Keywords: Disentangled Representation Learning, Clustering, Factors of Variation, Variational Autoencoders (VAEs), Generative Models, Synthetic Image Data
Abstract: Disentangled representation learning allows data to be mapped to a latent space where factors of variation can be individually manipulated. These factors define a direct notion of similarity between observations that naturally groups them into clusters with shared factors of variation. While this has been empirically shown to be effective on simple datasets, it is unclear how or when complex real-world data can be disentangled into representations that allow the same degree of manipulation and clustering. To advance the field of disentangled representation learning and clustering, we provide a new theoretical perspective by equating disentanglement with clustering by using factors of variation as a measure of element-wise similarity. This leads to a simple yet important observation: Instead of explicitly clustering the elements of a dataset, we can implicitly cluster them by learning to represent and generate the elements of each cluster. Furthermore, this observation reveals that implicit clusters have a lower bound because (I) explicit clusters are a subset of implicit clusters, and (II) implicit clusters can generate novel elements not present in the finite dataset through combinatorial generalization.
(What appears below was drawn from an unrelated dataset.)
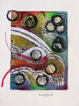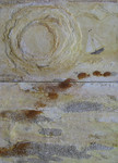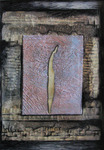 2013Uit oud werk met stempelen, rafelen, uiteenrafelen en intuitief samenstellen.Eenvoudig in opzet en uitwerking, kleur en vorm en niet vorm.Sporen, groeven en niet plat.Materiewerk.Op resten laminaat geplakt.
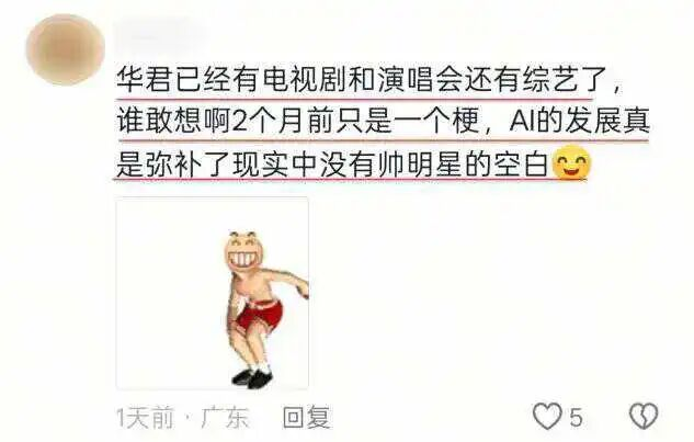 但华君的特殊之处在于,他是由网友“手搓”出来的,是从经典IP中“生长”出来的,是AI技术民主化的产物。这里面包含了许多“灰色地带”,面临着肖像及版权各方面的制约。

Building on these insights, we derive an implicit neural clustering approach based on identifying factors of variation in the latent space. We validate our findings through experiments on synthetic image data and empirical evidence from related state-of-the-art works. This demonstrates the practical relevance of our approach and promising potential for synthesizing complete datasets from limited data, addressing data distribution gaps, improving interpretability in cluster analysis, enhancing SSL and classification tasks, and reducing data storage space.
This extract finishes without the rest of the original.